Custody is the most consequential infrastructure decision an institution makes when it starts moving digital assets. The technical surface is familiar to crypto-native teams, but for treasurers, CFOs, and heads of compliance coming from traditional finance, the question comes across differently. There is no chargeback, no fraud department and no court order that reverses a transfer once it is signed. Whoever controls the private key controls the asset.

This is the framing of Range's third stablecoin report, Custody Solutions: a practitioner's framework for digital asset custody. It is built for operators who have to deploy and run an institutional custody stack, not for the architects of a single product. The summary below covers the core framework. The full report goes deeper into every layer.
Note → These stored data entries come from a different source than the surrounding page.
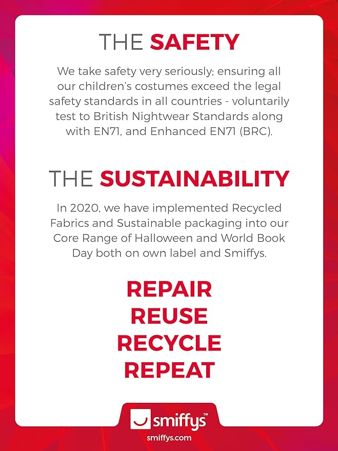 - Please note that all our Smiffys products will always come in full Smiffys branded packaging.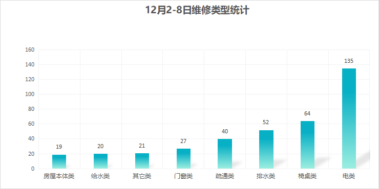 对学校公共设施进行日常巡查、维护,对师生报修问题及时维修、抢修,确保公共设施设备正常使用。本周共接单378单,其中电类135单,给水类20单,门窗类27单,排水类52单,疏通类40单,房屋本体类19单,桌椅类64单,其他类21单,完成361单。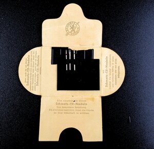 Die beiden verbreiteten Nadelsysteme für ältere Nähmaschinen sind Flachkolben-Nadeln, (Haushaltsmaschinen) und Rundkolben-Nadeln für Industriemaschinen. Jeder Hersteller versuchte das Nadelgeschäft in den eigenen Händen zu halten, was zu einer Vielzahl von Marken wie Pfaff, Singer, Gritzner, Kayser u.a. führte. Die Produktion Nähmaschinennadeln oblag nur wenigen Herstellern. Dazu gehörten Nadeln der Fima Schmetz (siehe Bild) und der Firma Mauser. Unsere Schmetz Nadeln, sind in einem gelben Faltbriefchen, mit dem Firmenlogo, zu je 5 Nadeln verpackt. Die Firma Schmetz existiert noch heute und hat ihren Sitz in Albstadt. (siehe Link) Auch die Firma Mauser, eher bekannt durch Gewehre, produzierte 1939 für kurze Zeit Industrienähmaschinen. Nach dem Krieg wurden zunächst Haushaltsartikel hergestellt. Dazu gehörten auch Nähmaschinen-Nadeln. Verpackt in schwarze Faltbriefchen zu je 25 Stück und einem Etikett mit Firmenangaben auf der Vorderseite. (siehe Bild)

Custody is the answer to three questions

Strip away the vendor categories and the acronyms, and custody resolves to three questions:

  1. Who holds the private keys?

  2. Who can move the assets?

  3. What rules govern access?

The answers determine your regulatory posture, operational risk, insurance coverage, and ability to survive a bad day. Every major loss event in the history of digital assets, from exchange collapses to insider theft to irrecoverable key loss, traces back to a poor answer to at least one of those three questions. $2.2 billion was stolen across 303 incidents in 2024, with private key compromise accounting for 43.8% of the total. It was the largest single attack category by a factor of five. And the problem has not slowed, with $3.4 billion stolen across crypto in 2025, a 55% jump on 2024.

Four custody models

There are four operating models, and the distinction between them is legal, not technical. The same underlying technology can underpin any of them.

Self-custody means the institution generates, stores, and controls its own keys. No third party has independent authority to move funds. This includes an organization running its own HSMs or a 3-of-3 MPC setup where the institution holds every share. The defining test is whether any external party can unilaterally move assets. If not, it is self-custody.
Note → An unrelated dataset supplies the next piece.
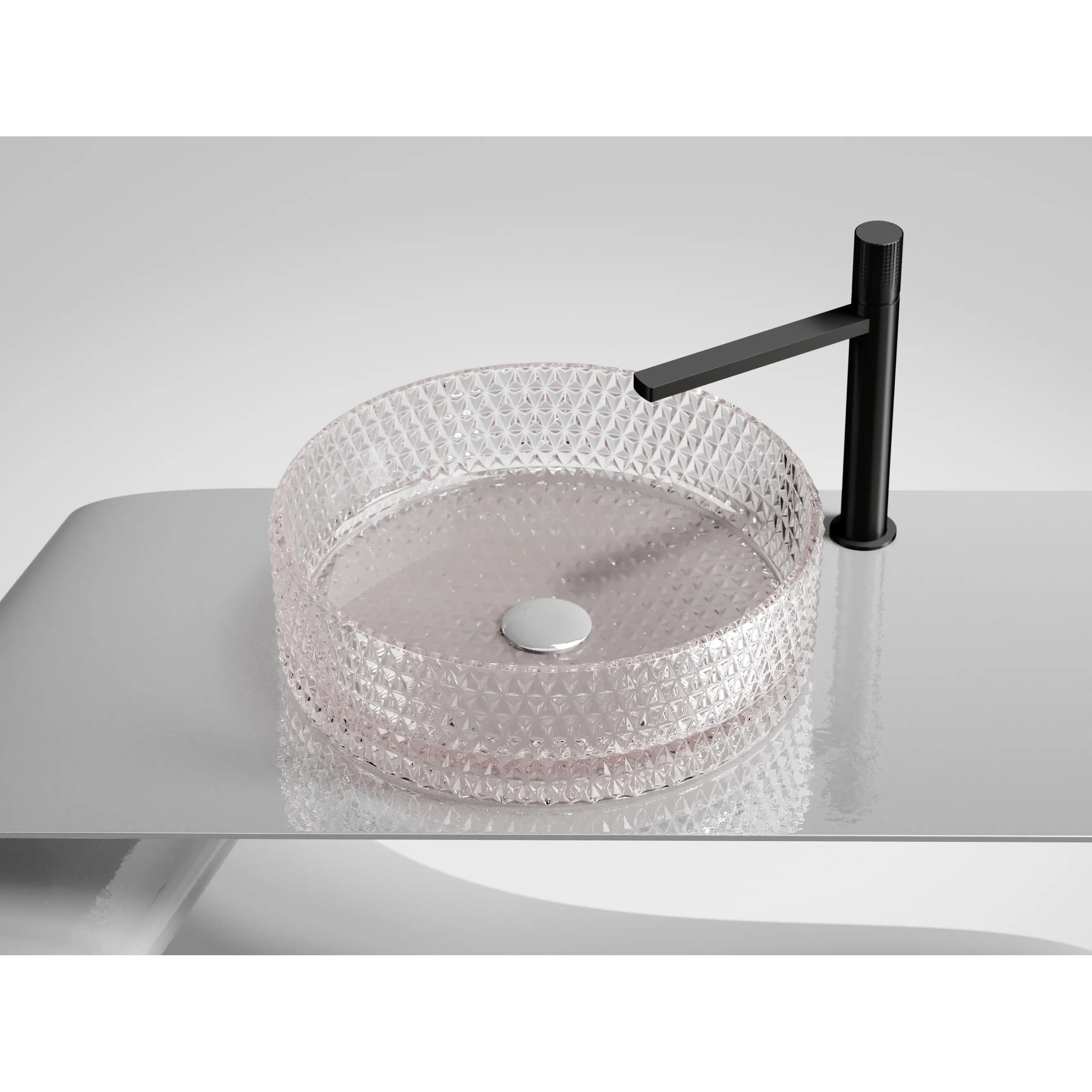 Умывальник чаша накладная круглая (цвет розовый) Cristal 360*360*112мм

Third-party custody delegates key control to a specialized institution under a contractual relationship. This is the qualified custodian pattern that US Investment Advisers Act registrants and most regulated funds operate under. The trade is operational simplicity and regulatory cover for counterparty risk and withdrawal latency. This is how most US-registered fund managers operate today and what made bank custody viable after the repeal of SAB 121.

Exchange custody is the riskiest profile. The exchange's core business is trading, not safekeeping, and the regulatory posture often reflects that. FTX, Celsius, and Voyager are the reference cases. The institutional pattern is to use exchanges for execution only and withdraw to custody promptly.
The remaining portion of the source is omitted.